At its earliest stages, prior to mutational loss of p53, breast cancer is characterized by centrosomal abnormalities (CA) and chromosomal instability (Lingle 2002) and shows signs of constitutive DNA damage response (Bartkova 2005). Genetic instability potentially occurs through impaired responses to damage from exogenous agents, and/or environmental stress within p53 competent cells. High doses of IR, an established carcinogen but also therapeutic of the breast induces CA within tumor cells (Sato 2000). It is unknown if IR or environmental stress is able to induce CA in normal p53 competent cells, and if, whether these can persist within a population and resolve with genetic instability. We show that the frequency of CA dramatically increases in the progeny of p53 competent human mammary epithelial cells surviving graded exposure to even low dose IR. The frequency of CA are altered by exogenous TGF-β, an extracellularly activated cytokine. Whereas the presence of exogenous TGF-β did not prevent the generation of CA its addition significantly decreased the levels of persistent CA. Also, the inhibition of endogenous TGF-β signaling in the epithelium increased the frequency of cells with CA even without IR. Within murine tissue, in-situ analysis confirmed this supervisory role of TGF-β on CA. Inhibition of TGF-β1 signaling within ex-vivo murine mammary epithelia augmented the persistence of CA, spindle abnormalities and consequent tetraploidy.

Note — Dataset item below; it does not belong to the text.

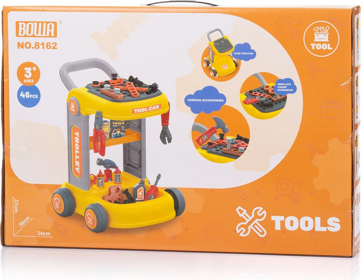 Støt børns fantasi og færdigheder med CHIPOLINO børnevogn med værktøj. Det mobile værksted på hjul med praktisk håndtag, arbejdsplade og opbevaringsrum holder alle dele pænt samlet ét sted. Ideel til sikkert at efterligne reparation og byggeri.
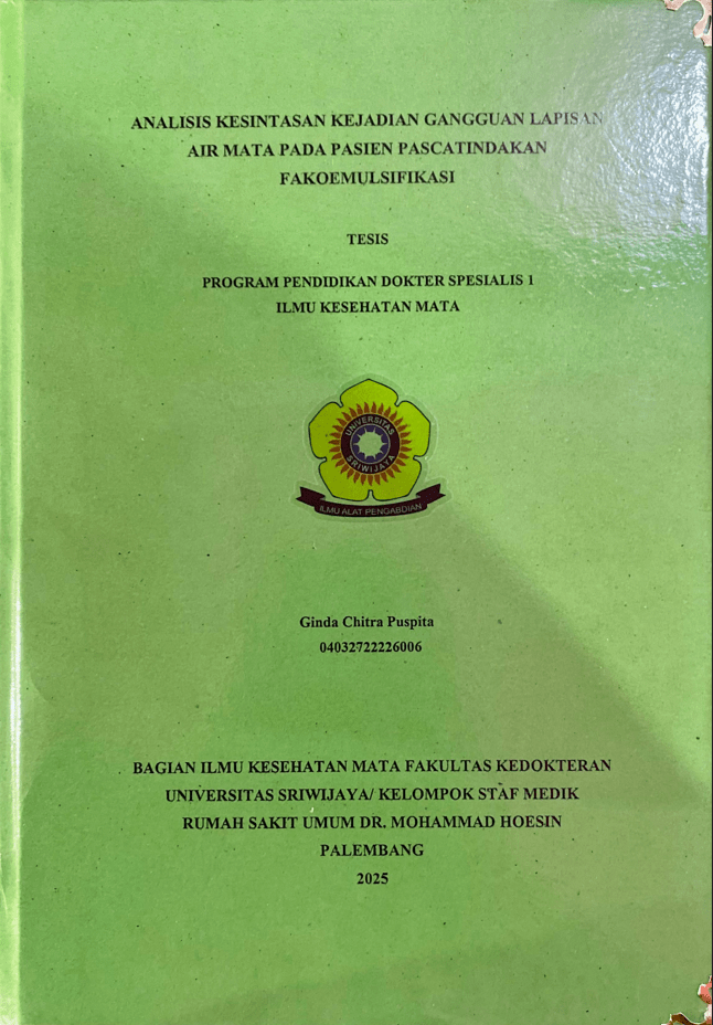 PUSPITA, GINDA CHITRA and Tribowo, Anang and Theodorus, Theodorus (2025) ANALISIS KESINTASAN KEJADIAN GANGGUAN LAPISAN AIR MATA PADA PASIEN PASCATINDAKAN FAKOEMULSIFIKASI. Masters thesis, Sriwijaya University.

Examination of CA within murine mammary glands of varying genetic backgrounds revealed a genetic interaction between p53 and TGF-β pathways in the supervision of CA and ploidy. Cumulatively these data demonstrate that in the absence of extracellular TGF-β1 p53 competent epithelial cells can accumulate CA and tetraploidy in response to DNA damaging agents or environmental stress. The role of TGF-β in suppressing CA directly links microenvironment and genomic integrity showing an additional level of defense against carcinogenesis.